Built-in polarization states

The following common polarization labels are provided:

  • Polarization.H() — horizontal

  • Polarization.V() — vertical

  • Polarization.D() — diagonal

  • Polarization.A() — anti-diagonal

  • Polarization.R() — right-circular

  • Polarization.L() — left-circular

Custom linear polarizations can also be constructed by angle, and arbitrary unitary Jones transformations can be applied.

Examples

Standard polarization states

from symop.modes.labels.polarization import Polarization

h = Polarization.H()
v = Polarization.V()
d = Polarization.D()
r = Polarization.R()

print("H =", h.jones)
print("V =", v.jones)
print("D =", d.jones)
print("R =", r.jones)

Typical output:

H = ((1+0j), 0j)
V = (0j, (1+0j))
D = ((0.7071067811865476+0j), (0.7071067811865476+0j))
R = ((0.7071067811865476+0j), -0.7071067811865476j)

Polarization overlaps

from symop.modes.labels.polarization import Polarization

h = Polarization.H()
v = Polarization.V()
d = Polarization.D()

print("⟨H|H⟩ =", h.overlap(h))
print("⟨H|V⟩ =", h.overlap(v))
print("⟨H|D⟩ =", h.overlap(d))

Expected behavior:

  • h.overlap(h) == 1

  • h.overlap(v) == 0

  • h.overlap(d) == 1 / sqrt(2)

Visualization

from symop.modes.labels.polarization import Polarization
import symop.viz as viz

pol = Polarization.D()
viz.plot(pol, title="Diagonal polarization", show=False)

(Source code, png, hires.png, pdf)

../../_images/polarization-1.png

The polarization plot shows the polarization ellipse implied by the Jones vector.

Comparing linear and circular polarization

from symop.modes.labels.polarization import Polarization
import symop.viz as viz

viz.plot(Polarization.H(), title="Horizontal polarization", show=False)
viz.plot(Polarization.R(), title="Right-circular polarization", show=False)

(Source code)

../../_images/polarization-2_00.png

(png, hires.png, pdf)

../../_images/polarization-2_01.png

(png, hires.png, pdf)

Linear polarizations produce degenerate ellipses aligned along a fixed axis, while circular polarizations produce circular trajectories.

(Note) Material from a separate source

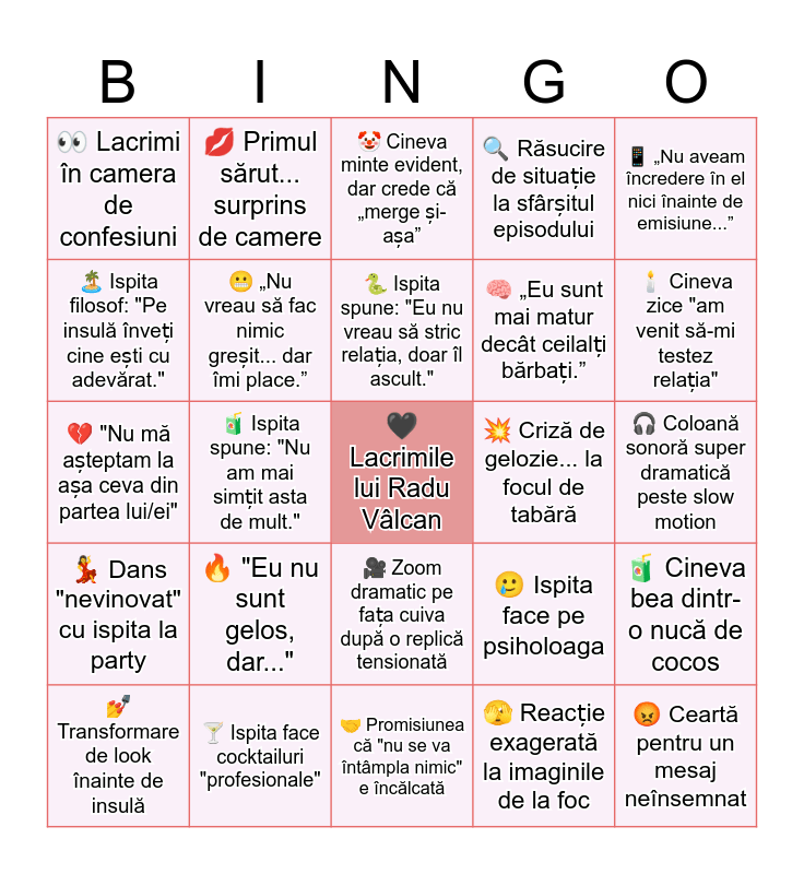 This bingo card has a free space and 24 words: 🔥 "Eu nu sunt gelos, dar...", 🍸 Ispita face cocktailuri "profesionale", 🐍 Ispita spune: "Eu nu vreau să stric relația, doar îl ascult.", 💅 Transformare de look înainte de insulă, 📱 „Nu aveam încredere în el nici înainte de emisiune...”, 👀 Lacrimi în camera de confesiuni, 🏝️ Ispita filosof: "Pe insulă înveți cine ești cu adevărat.", 💋 Primul sărut... surprins de camere, 💥 Criză de gelozie... la focul de tabără, 🎥 Zoom dramatic pe fața cuiva după o replică tensionată, 🧠 „Eu sunt mai matur decât ceilalți bărbați.”, 💔 "Nu mă așteptam la așa ceva din partea lui/ei", 🥲 Ispita face pe psiholoaga, 🧃 Cineva bea dintr-o nucă de cocos, 😬 „Nu vreau să fac nimic greșit... dar îmi place.”, 🫣 Reacție exagerată la imaginile de la foc, 🎧 Coloană sonoră super dramatică peste slow motion, 🤡 Cineva minte evident, dar crede că „merge și-așa”, 🕯️ Cineva zice "am venit să-mi testez relația", 🧃 Ispita spune: "Nu am mai simțit asta de mult.", 😡 Ceartă pentru un mesaj neînsemnat, 💃 Dans "nevinovat" cu ispita la party, 🔍 Răsucire de situație la sfârșitul episodului and 🤝 Promisiunea că "nu se va întâmpla nimic" e încălcată.

Linear polarization by angle

import numpy as np

from symop.modes.labels.polarization import Polarization

pol = Polarization.linear(np.pi / 6)

print("Jones =", pol.jones)
Jones = ((0.8660254037844387+0j), (0.49999999999999994+0j))

This constructs a linear polarization at angle \(\theta = \pi/6\).

Rotation

import numpy as np

from symop.modes.labels.polarization import Polarization

h = Polarization.H()
rotated = h.rotated(np.pi / 4)

print("H =", h.jones)
print("rotated =", rotated.jones)
H = ((1+0j), 0j)
rotated = ((0.7071067811865476+0j), (0.7071067811865475+0j))

This applies a real rotation in Jones space and is useful for modeling basis changes such as half-wave plate action in a fixed convention.

Unitary transformation

import numpy as np

from symop.modes.labels.polarization import Polarization

h = Polarization.H()

U = (1 / np.sqrt(2)) * np.array([
    [1, 1],
    [1, -1],
], dtype=complex)

out = h.transformed(U)

print("input =", h.jones)
print("output =", out.jones)
input = ((1+0j), 0j)
output = ((0.7071067811865476+0j), (0.7071067811865476+0j))

This applies a Jones-space unitary transformation and returns the canonicalized output polarization.

Design notes

  • Polarization labels are normalized Jones vectors.

  • Global phase is removed during canonicalization.

  • Overlaps are computed by the usual Jones inner product.

  • Polarization is one component of a composite mode label.